● INFORMATION SUPPLIED
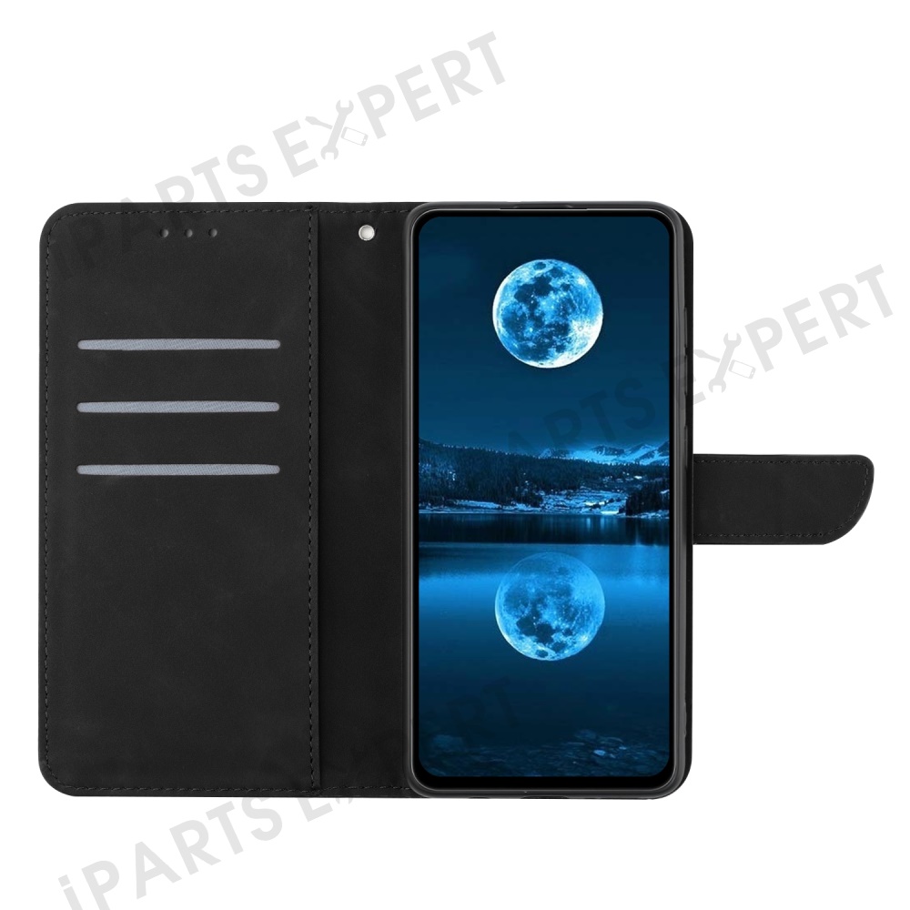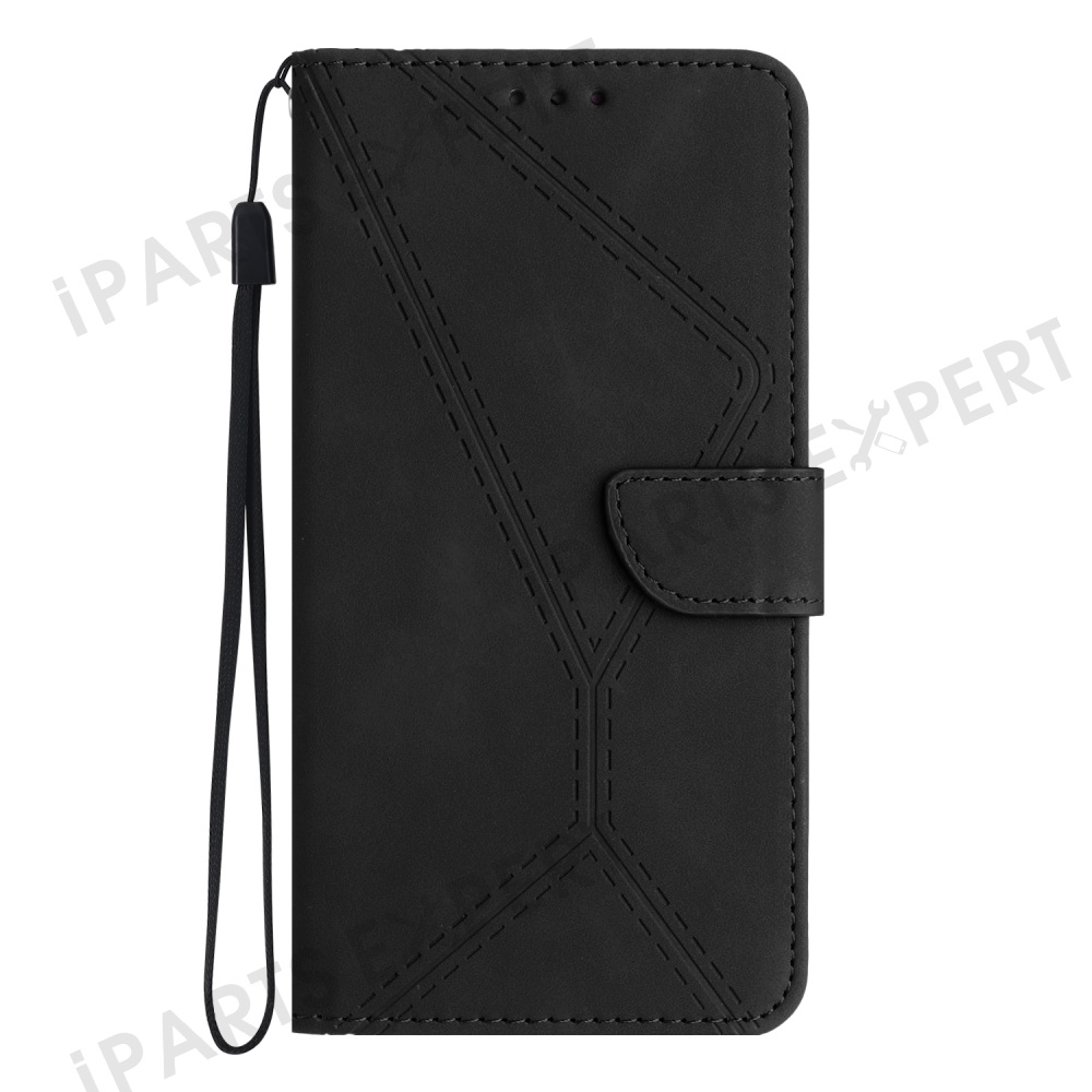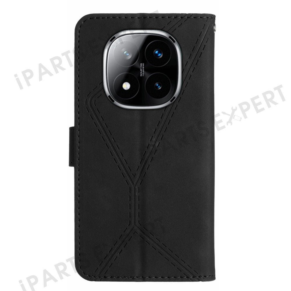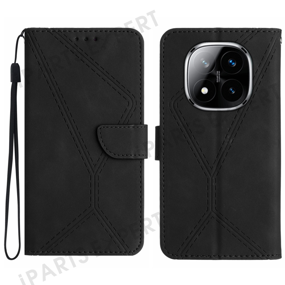 For Xiaomi Redmi Note 14 Pro 4G Case Skin Touch Lines Imprinted PU Leather Flip Phone Cover - Black
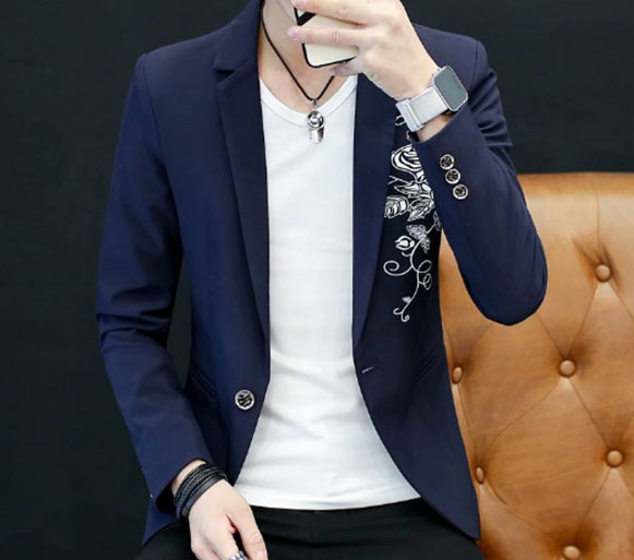 西服是結構相對規范的服裝品類,要體現伙伴們脾性偏好是比較難的。除了在扣子、兜、開衩等基本的變化外,還可以從里料選擇以及刺繡、印花、拼色等工藝變化。
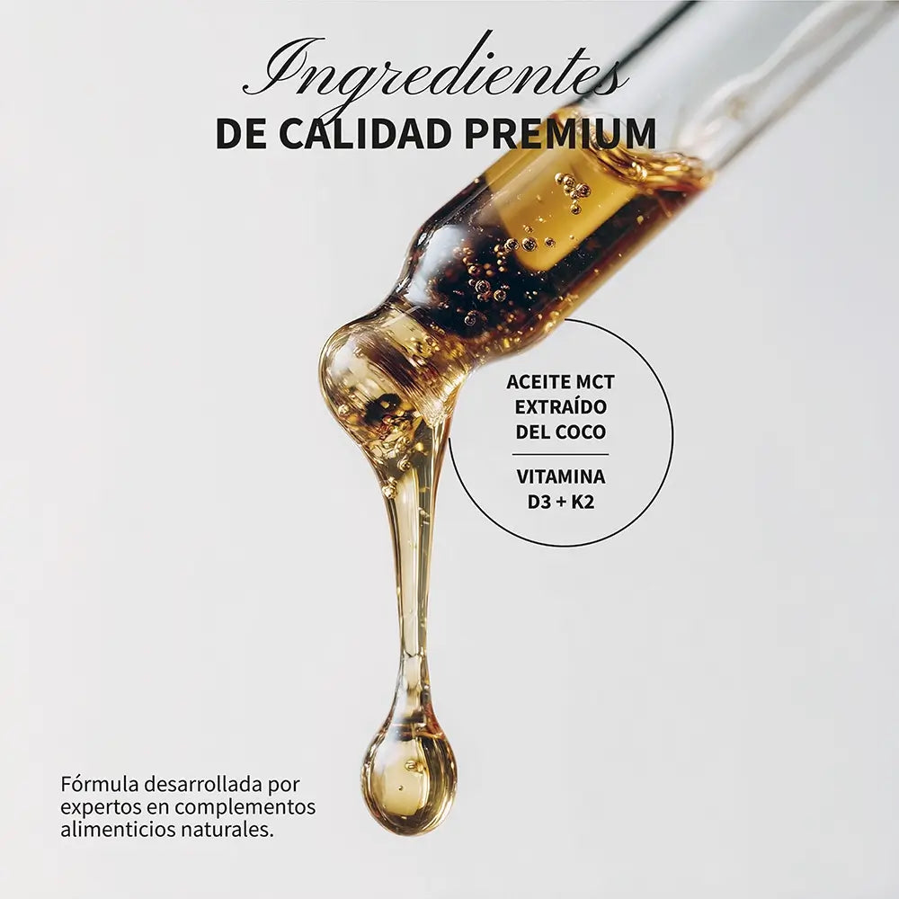 Its innovative and effective liquid formula is perfect for assimilation and also ideal for people with swallowing difficulties or those taking multiple medications. WITH VITAMIN D3 THAT HELPS TO: Normal function of the immune system. Normal absorption/utilisation of calcium and phosphorus. Normal muscle function. Maintenance of normal bones and teeth. Normal blood calcium levels. The process of cell division. WITH THE MOST POTENT AND ACTIVE VITAMIN K2 (menaquinone 7) Contributes to normal blood clotting. Contributes to the maintenance of normal bones. WITH MCT OIL THAT: Promotes rapid and effective absorption.
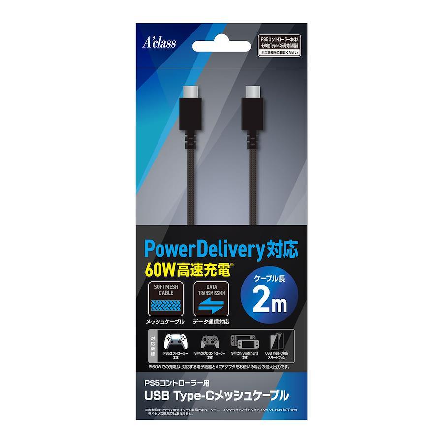 ■セット内容:USB Type-Cメッシュケーブル×1 ■対応機種:PS5/Switch/SwitchLite/その他Type-C充電対応機器 ■ケーブル長:約2m ■USB端子:USB Type-C ⇔ USB Type-C ■対応出力:最大60W対応 ※ ■USB規格:USB2.0 ■カラー:ブラック ※60Wでの充電は対応する電子機器とACアダプタをお使いの場合の最大出力です。

● ABOUT THIS EXERCISE
The copy must begin at the line containing "Its innovative and" and end at the last line of the data above, with every line retyped exactly and no pictures included.

● EXERCISE RESULT
 Its innovative and effective liquid formula is perfect for assimilation and also ideal for people with swallowing difficulties or those taking multiple medications. WITH VITAMIN D3 THAT HELPS TO: Normal function of the immune system. Normal absorption/utilisation of calcium and phosphorus. Normal muscle function. Maintenance of normal bones and teeth. Normal blood calcium levels. The process of cell division. WITH THE MOST POTENT AND ACTIVE VITAMIN K2 (menaquinone 7) Contributes to normal blood clotting. Contributes to the maintenance of normal bones. WITH MCT OIL THAT: Promotes rapid and effective absorption.
 ■セット内容:USB Type-Cメッシュケーブル×1 ■対応機種:PS5/Switch/SwitchLite/その他Type-C充電対応機器 ■ケーブル長:約2m ■USB端子:USB Type-C ⇔ USB Type-C ■対応出力:最大60W対応 ※ ■USB規格:USB2.0 ■カラー:ブラック ※60Wでの充電は対応する電子機器とACアダプタをお使いの場合の最大出力です。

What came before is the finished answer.